Forty years before Stephen Sondheim turned up in a pie shop in Tooting, he went to see Christopher Bond’s play Sweeney Todd at the Theatre Royal Stratford East (I like to think he met another of my theatrical hero’s, Joan Littlewood, still their AD at the time) and so his musical Sweeney Todd was born. Twelve years later I went to the Half Moon Theatre in Stepney Green, three miles down the road,  where Christopher Bond, then their AD, was returning the compliment by directing Sondheim’s musical adaptation. That was my first Sweeney. Thirty-one years later I’m at Stratford East for my 21st performance / 15th production of the show by the students of the Royal Academy of Music, six years after I was at the RAM for the presentation of Mr. Sondheim’s honorary doctorate. I love all these connections!
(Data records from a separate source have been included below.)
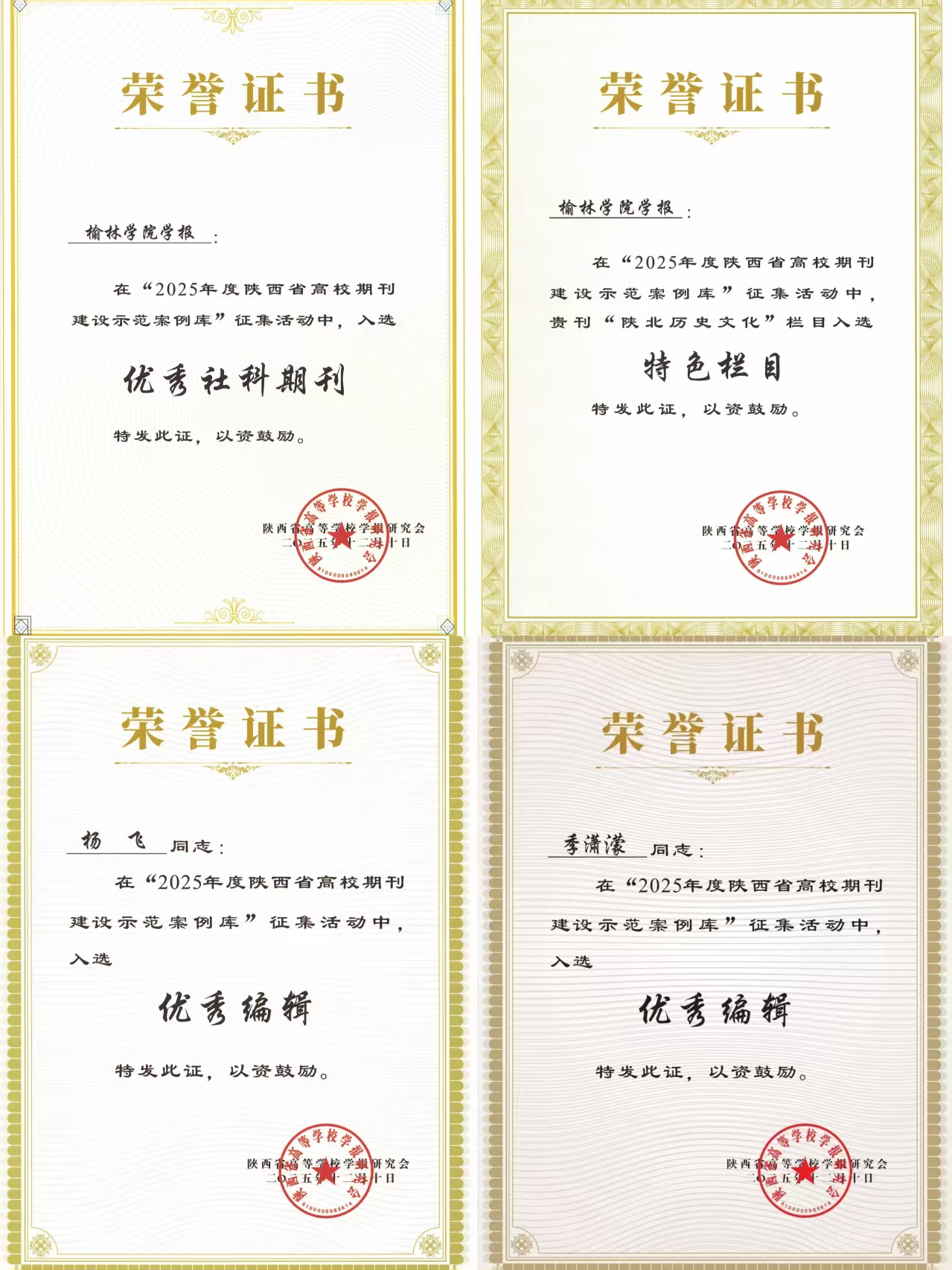 2025年12月10日至12日,陕西省高等学校学报研究会理事会议暨2025年秋季学术年会在陕西杨凌召开。会议公布了陕西省高校期刊建设及编辑培育优秀案例评选结果,《榆林学院学报》入选“2025年度陕西省高校期刊建设示范案例库•社科期刊案例•优秀期刊”;“陕北历史文化研究”专栏获评“2025年度陕西省高校期刊建设示范案例库•社科期刊•特色栏目”;编辑杨飞、季潇濛获“优秀编辑”称号。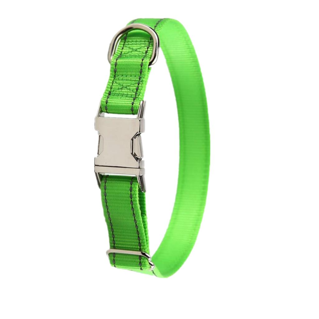Adjustable and Reflective Pet Dog Cat Collar Puppy Neck Buckle Strap M Green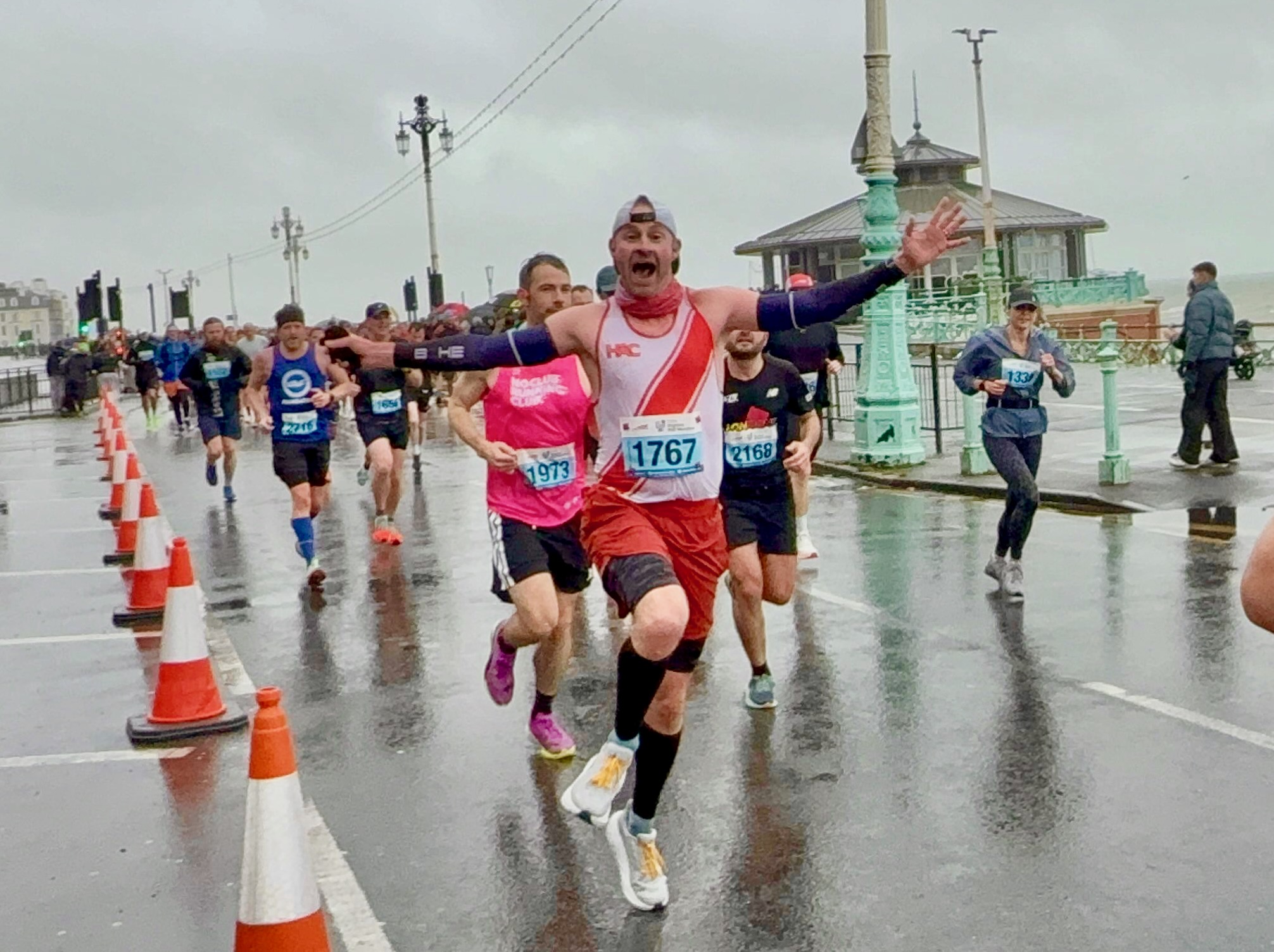 Once the race got going, we had massive support from crowds of people, including friends and family. The course followed Brighton’s famous landmarks, including the Palace Pier, Royal Pavilion, the cliff tops, Madeira Drive, the beach huts, and promenade! With a few gentle inclines, it was the headwind when heading west that was the toughest! Not the most pleasant of conditions for almost 10,000 runners running 13.1 miles!

They’ve made a great job of it too, in a more contemporary and very dark production by Michael Fentimam. The two-tier set allows a barber shop above the pie shop, though they haven’t included traps for the bodies. The oven is under the stage, which makes for dramatic plunges of ghostly walking bodies. There’s a lot of blood. The chorus are sometimes in blood-splattered white gowns, sometimes in retro contemporary dress, always in dark glasses. I wasn’t convinced by the introduction of a child, presumably to show Sweeney had some compassion. The eight-piece band under Torquil Munro sounded superb.

Elissa Churchill as Mrs Lovett started on a high with The Worst Pies in London and stayed there through A Little Priest, God That’s Good, By the Sea and her duet with Brian Raftery’s Tobias, Not While I’m Around, relishing every word of Sondheim’s brilliant lyrics; a terrific performance. Lawrence Smith was an excellent Sweeney, with the right mix of menace and mania, an appropriate contrast to Mrs L. Ruben Van keer was a superb Anthony, singing Joanna beautifully and passionately. There’s also a delightfully flamboyant Pirelli from Fransisco del Solar. It’s a fine ensemble; the class of 2016 are as good as any I’ve seen at RAM.
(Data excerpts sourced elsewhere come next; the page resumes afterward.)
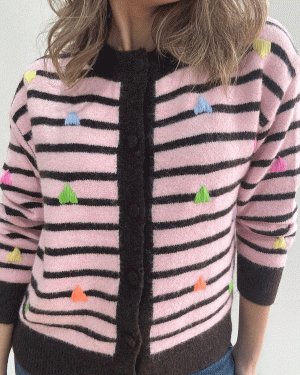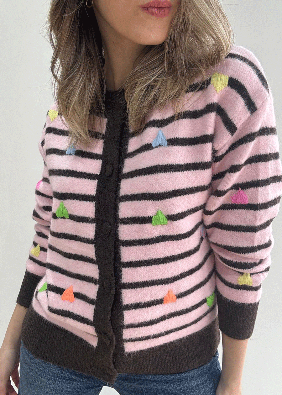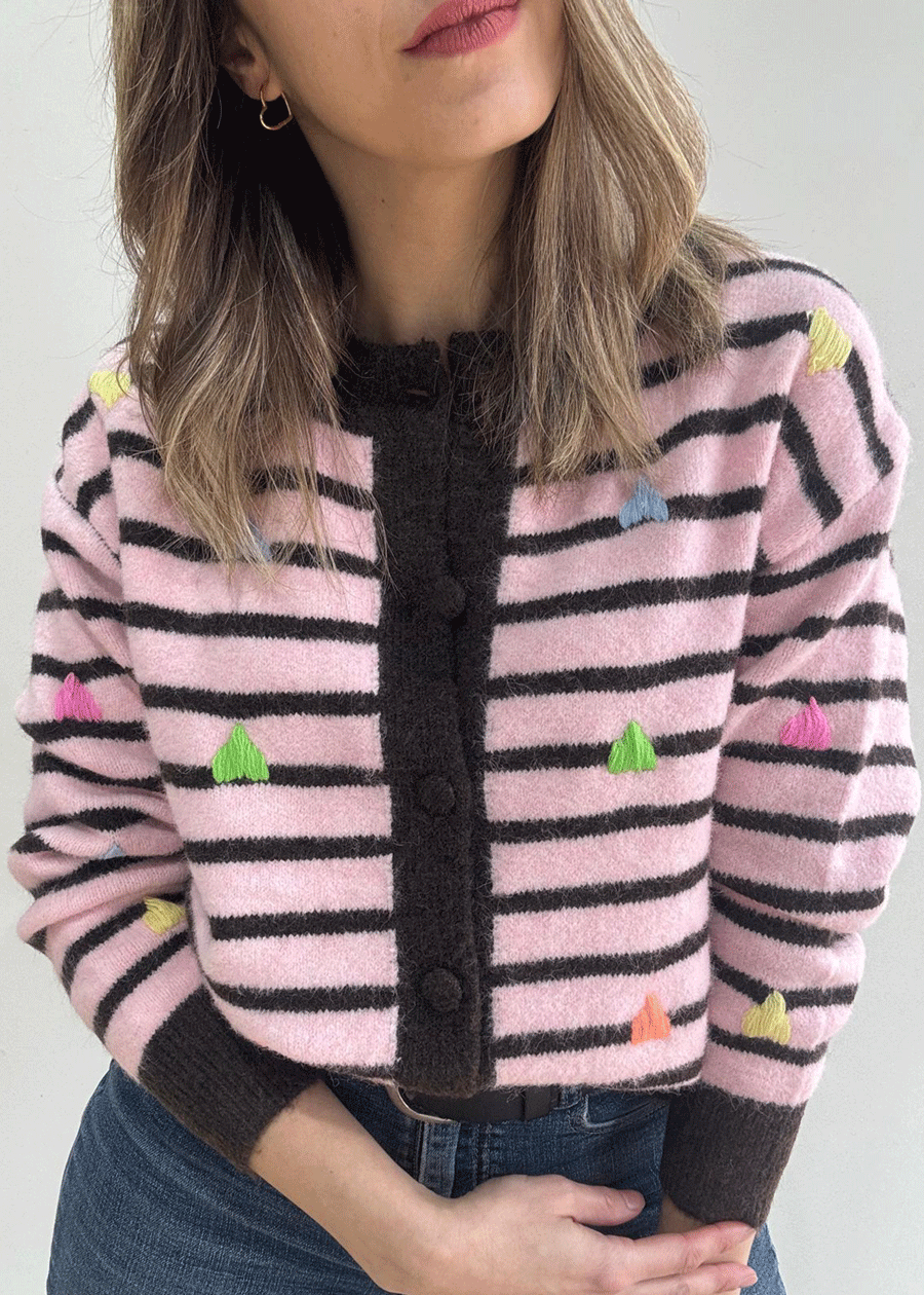 Cárdigan de manga larga con cuello redondo con rayas y corazones bordaditos en distintos colores.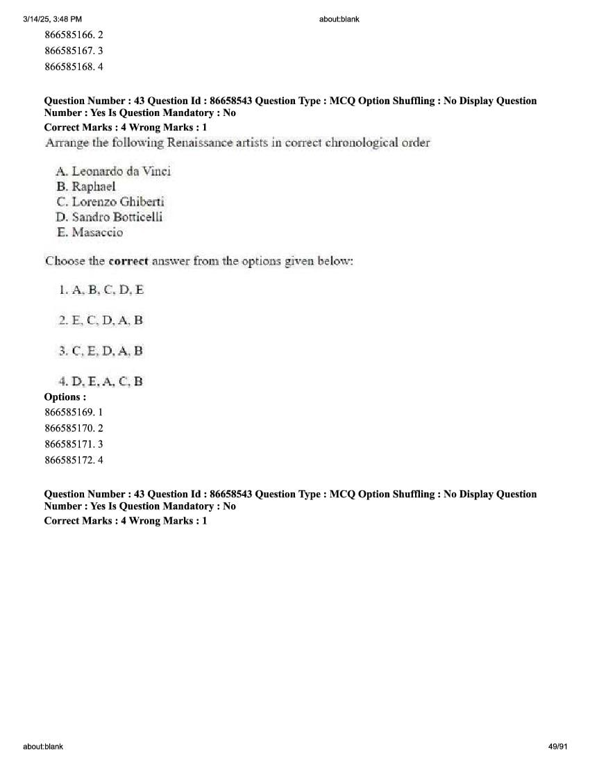 2026 Question papers will be updated soon. The latest available complete cuet pg question paper for Art and Aesthetics is given below.
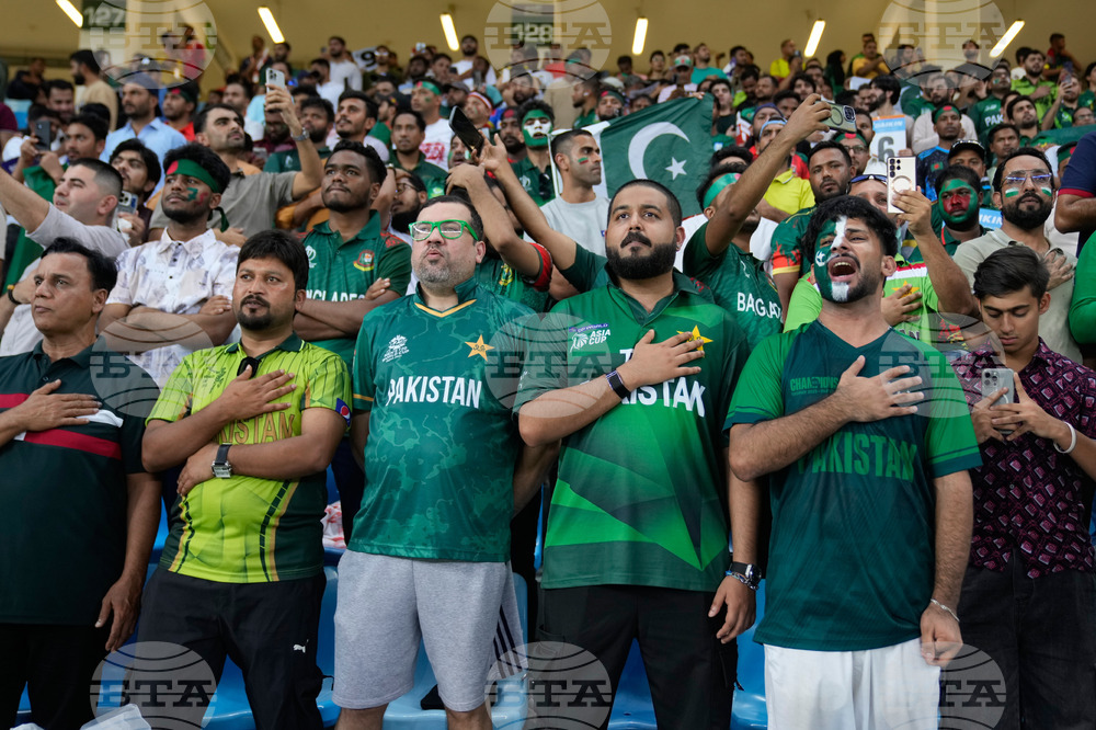 Pakistani fans sing national anthem during the Asia Cup Cricket match between Bangladesh and Pakistan at Dubai International Cricket stadium in Dubai, United Arab Emirates, Thursday, Sept. 25, 2025. (AP Photo/Altaf Qadri)

Rags was such a commercial flop on Broadway that I’m not sure it’s ever had a UK professional production. I’ve only seen another conservatoire production, at Guildhall School of Music & Drama, three years ago (https://garethjames.wordpress.com/2013/07/09/rags-at-guildhall-school-of-music-drama) so RAM at Stratford East is an opportunity for a second look at a show from the man who wrote the book of Fiddler on the Roof, the man who wrote the music for Annie and the man who did the music & lyrics for Godspell and Wicked!

The story of East European Jewish immigrants in New York City, exploited in the rag trade sweatshops, suits musical theatre. The ragtime infused score, with East European Jewish influences, sounds even better second time around, and it’s played beautifully by an orchestra twice the size of the Sweeney band, under Caroline Humphris. The vocal standards are high too, with Julia Lissel as Rebecca and Victoria Blackburn as Bella sounding particularly gorgeous. In addition to these two excellent female leads there are fine acting performances from Neil Canfer as Avram and Oliver Marshall as Ben.
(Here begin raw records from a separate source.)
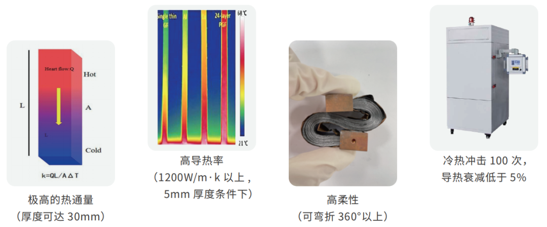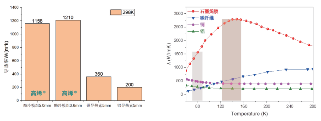 在常温条件下, 高烯®高通量酷冷模组拥有相较于铜导热索3-4倍、铝导热索5倍的导热率。这意味着,在相同形状条件下,高烯石墨烯高通量酷冷模组不仅质量约为铜导热索的四分之一,而且导热效果较铜导热索更好3倍,另外减震效果较铜铝金属的导热索更好。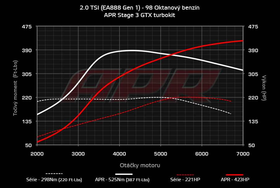 APR s potěšením představuje kompletní Stage III GTX turbokit pro motor 2,0 TSSI EA888 gen1. Produkující více jak 409-423hp na běžný 95-98oct benzín. APR Stage III GTX turbokit posouvá akceleraci motoru 2,0 TSI do stejné ligy s exotickými supersporty s cenouvkou přes 4 miliony Kč.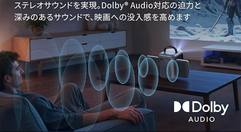ホームシアターというよりは「寝室シアター」専用機として推したい1台。 ジンバル内蔵で天井に映せるので、ベッドに寝転がって映画を観るというぜいたくが手に入ります。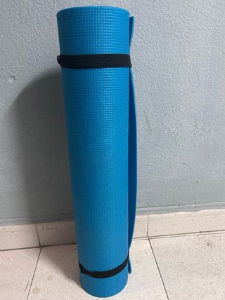 Esterilla enrollable de color azul, ideal para practicar yoga o ejercicios. - Textura antideslizante. - Incluye cintas elásticas para sujetarla. - incluye funda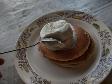 Вообще, к панкейкам подходят любые добавки - мед, варенье, сгущенка. Отлично сочетаются они со сметаной, сливками, растопленным шоколадом. Посыпьте горку панкейков орехами или ягодами, будет не только вкусно, но и очень красиво. Я люблю подать к панкейкам сметанно-ягодный соус - для этого просто смешиваю сметану и варенье, можно вместо сметаны взять натуральный йогурт.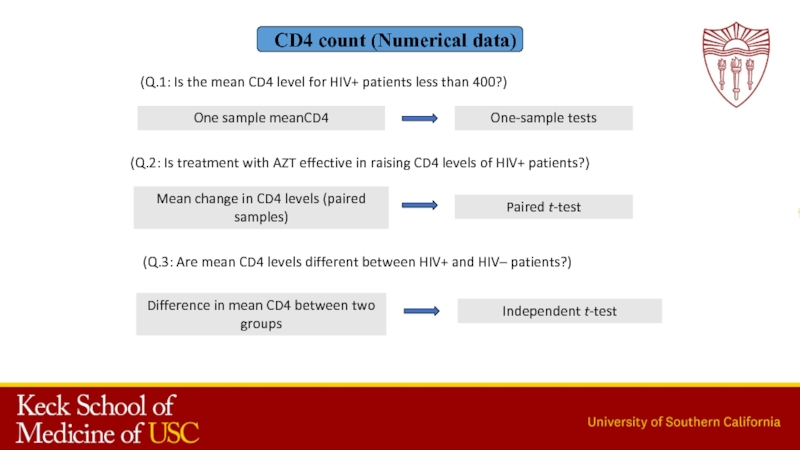 (Q.1: Is the mean CD4 level for HIV+ patients less than 400?)

I liked the idea of a back wall of suitcases and trunks and suitcases carried by the migrants used to create all of the props, but in practice it did make Hannah Chissick’s production seem a bit cramped. I wasn’t convinced by young David played by a six-foot-something actor with puppet, I’m afraid! The finale introducing a new wave of migrants was an inspired idea and a moving conclusion.

Both shows provided a wonderful showcase for thirty-two performers and twenty-five musicians about to launch their musical theatre careers. That’s a lot of talent!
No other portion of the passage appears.